> _Your instructions_
The copy you return should hold every record below word for word and no images.

== Entries supplied

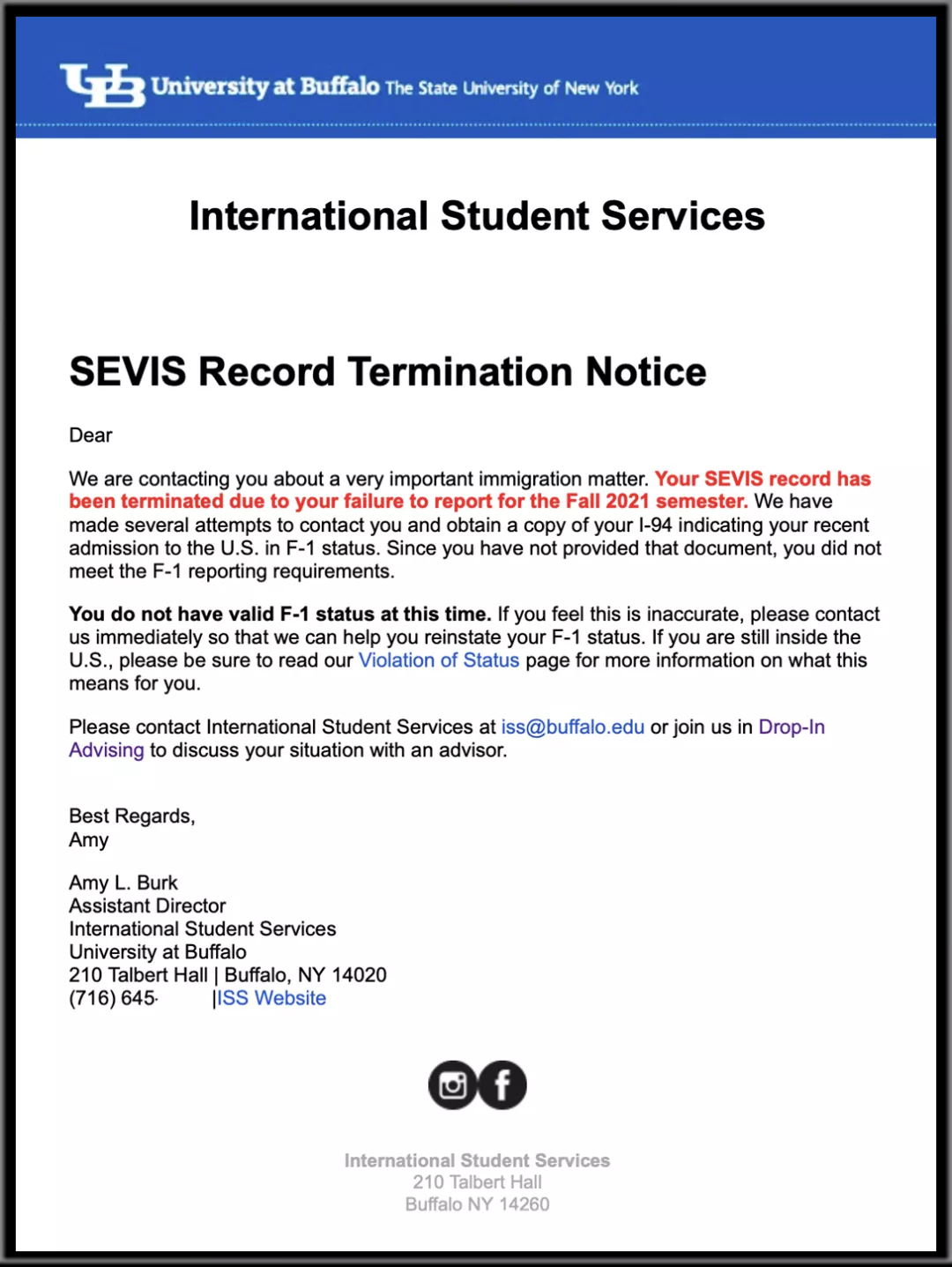 今年9月28日,紐約州立大學(xué)布法羅(SUNY Buffalo)分校的多名留學(xué)生,其中包括至少30名中國留學(xué)生,收到校方郵件通知:由于學(xué)生未能在開學(xué)一個月的時間內(nèi),向?qū)W校的國際學(xué)生事務(wù)辦公室報到,并遞交I-94副本,校方不再認可其留學(xué)生身份,根據(jù)美國相關(guān)的移民法律,這些學(xué)生的F-1簽證將被終止,并須盡快離境!
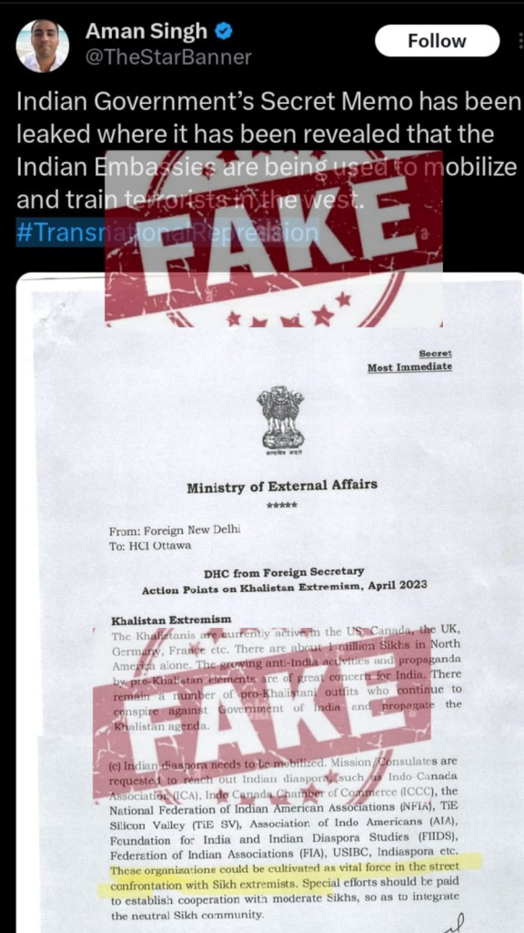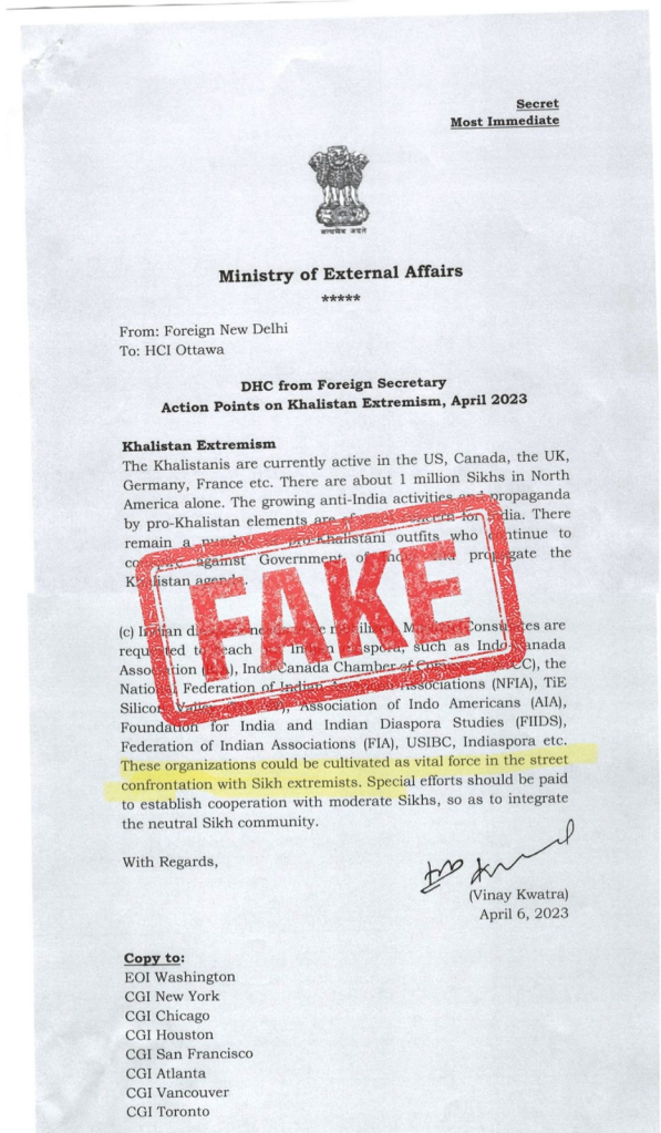 The April 2023 dated fake memo purportedly from former Foreign Secretary Vinay Kwatra asks Indian diplomats to “cultivate” Indian diaspora groups in Canada “as a vital force in the street confrontations with Sikh extremists”.
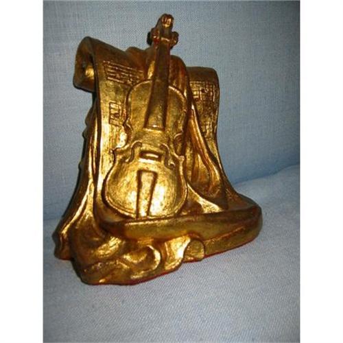 magnificent, gorgious, decorative, vintage/antique bookend or sculpture or even paper weight. gold plated on composite or plaster. beautiful and in good condition, with violin and music note pattern and red felt on the base. some wear and tear. 8 " T. - 9 " W.
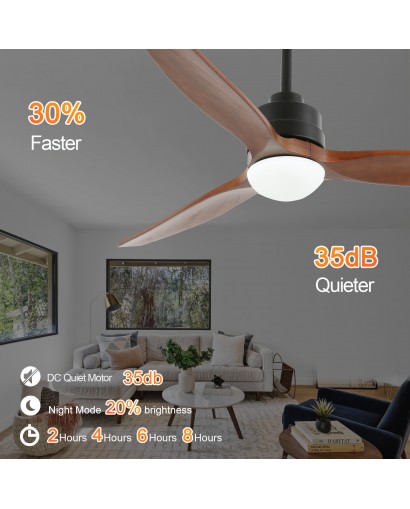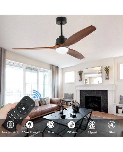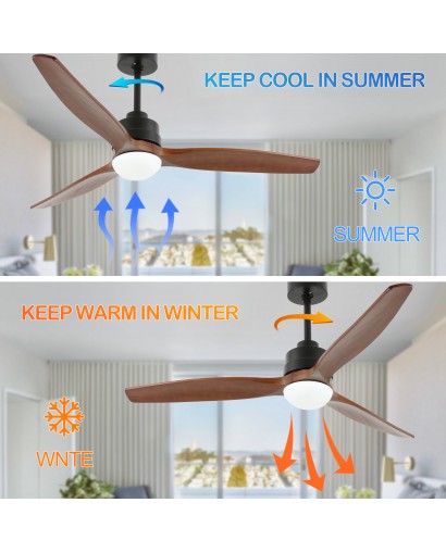 Add a stylish touch to the interior, making it a dazzling sight with the perfect combination of ceiling fan and light. Our products use DC motors, which can control the airflow and temperature on the surface of the motor more accurately than traditional AC point machines. High-quality solid wood blades combined with dimmable LED lights add more modernity to your room. 6-speed adjustable wind, the motor runs smoothly, and there is no noise throughout the process, providing a comfortable and quiet sleeping environment. The breeze is very suitable for sleeping, especially for the elderly and children, as well as for reading. Reversible fan blades push warm air down in winter to keep indoors warm and enjoy flowing air all year round.
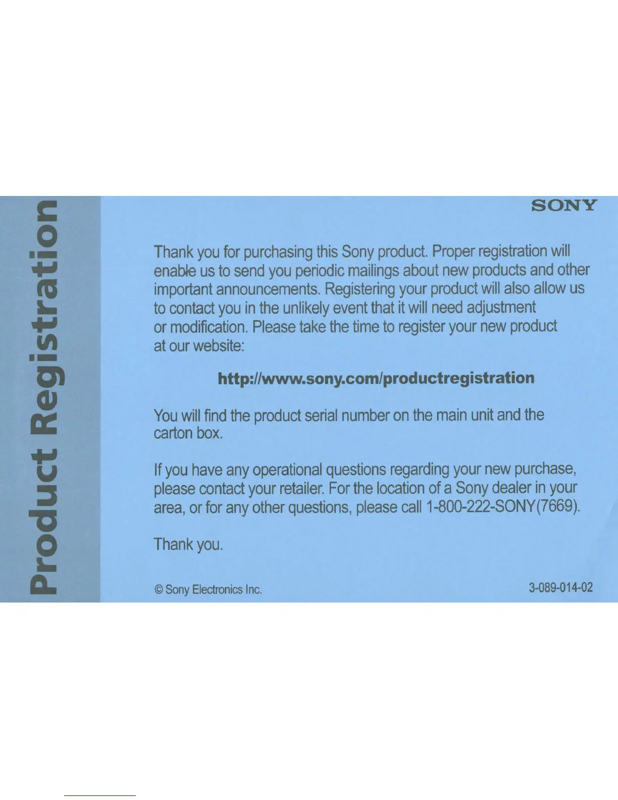 http://www.sony.com/productregistration
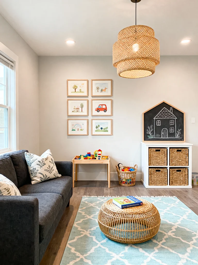 - Interactive Decor: Incorporate interactive decor pieces like a chalkboard wall for drawing, a puzzle table for games, or a toy basket to keep the space clutter-free yet playful. These elements are functional, engaging, and easy to store when not in use.
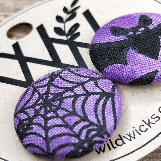 Wildears Fabric Covered Button Earrings Halloween Purple Bats and Spiders 19mm
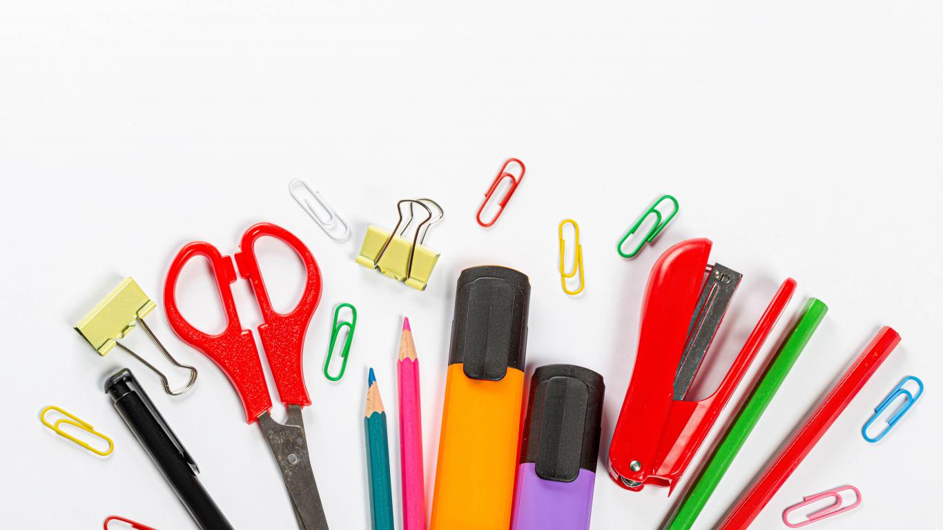 Обои Разноцветные канцелярские принадлежности на белом фоне
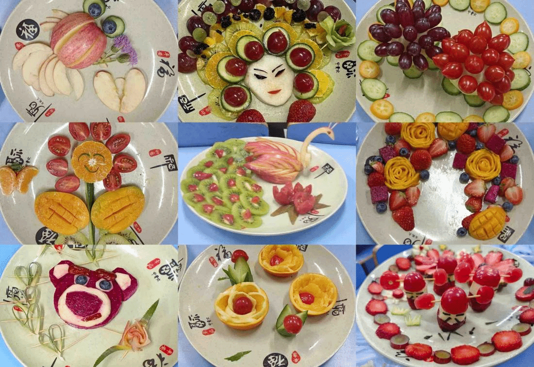 水果拼盘环节,各队“厨师”们默契配合,各显神通。在他们的巧手下,栩栩如生的造型一一呈现,有用火龙果堆砌的“草莓熊”,用橙子、草莓等摆放的“京剧脸谱”,用苹果片装饰的“金鱼”……其中,“孔雀开屏”作品吸引了大家的目光,猕猴桃切成的片当作羽毛,中间用小番茄作点缀,苹果片雕刻而成的“孔雀”呈开屏状。
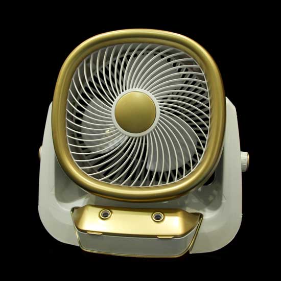 The showcased turbo fan comes in a compact design in white and gold. It boasts three streamlined blades that produce powerful air flows. The table fan also serves as a humidifier for extra functionality.
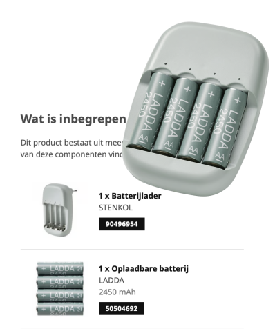 Lader + 4 batterijen van 2450 mAh, zit samen in een pakket.

====

> _Response_
 今年9月28日,紐約州立大學(xué)布法羅(SUNY Buffalo)分校的多名留學(xué)生,其中包括至少30名中國留學(xué)生,收到校方郵件通知:由于學(xué)生未能在開學(xué)一個月的時間內(nèi),向?qū)W校的國際學(xué)生事務(wù)辦公室報到,并遞交I-94副本,校方不再認可其留學(xué)生身份,根據(jù)美國相關(guān)的移民法律,這些學(xué)生的F-1簽證將被終止,并須盡快離境!
 The April 2023 dated fake memo purportedly from former Foreign Secretary Vinay Kwatra asks Indian diplomats to “cultivate” Indian diaspora groups in Canada “as a vital force in the street confrontations with Sikh extremists”.
 magnificent, gorgious, decorative, vintage/antique bookend or sculpture or even paper weight. gold plated on composite or plaster. beautiful and in good condition, with violin and music note pattern and red felt on the base. some wear and tear. 8 " T. - 9 " W.
 Add a stylish touch to the interior, making it a dazzling sight with the perfect combination of ceiling fan and light. Our products use DC motors, which can control the airflow and temperature on the surface of the motor more accurately than traditional AC point machines. High-quality solid wood blades combined with dimmable LED lights add more modernity to your room. 6-speed adjustable wind, the motor runs smoothly, and there is no noise throughout the process, providing a comfortable and quiet sleeping environment. The breeze is very suitable for sleeping, especially for the elderly and children, as well as for reading. Reversible fan blades push warm air down in winter to keep indoors warm and enjoy flowing air all year round.
 http://www.sony.com/productregistration
 - Interactive Decor: Incorporate interactive decor pieces like a chalkboard wall for drawing, a puzzle table for games, or a toy basket to keep the space clutter-free yet playful. These elements are functional, engaging, and easy to store when not in use.
 Wildears Fabric Covered Button Earrings Halloween Purple Bats and Spiders 19mm
 Обои Разноцветные канцелярские принадлежности на белом фоне
 水果拼盘环节,各队“厨师”们默契配合,各显神通。在他们的巧手下,栩栩如生的造型一一呈现,有用火龙果堆砌的“草莓熊”,用橙子、草莓等摆放的“京剧脸谱”,用苹果片装饰的“金鱼”……其中,“孔雀开屏”作品吸引了大家的目光,猕猴桃切成的片当作羽毛,中间用小番茄作点缀,苹果片雕刻而成的“孔雀”呈开屏状。
 The showcased turbo fan comes in a compact design in white and gold. It boasts three streamlined blades that produce powerful air flows. The table fan also serves as a humidifier for extra functionality.
 Lader + 4 batterijen van 2450 mAh, zit samen in een pakket.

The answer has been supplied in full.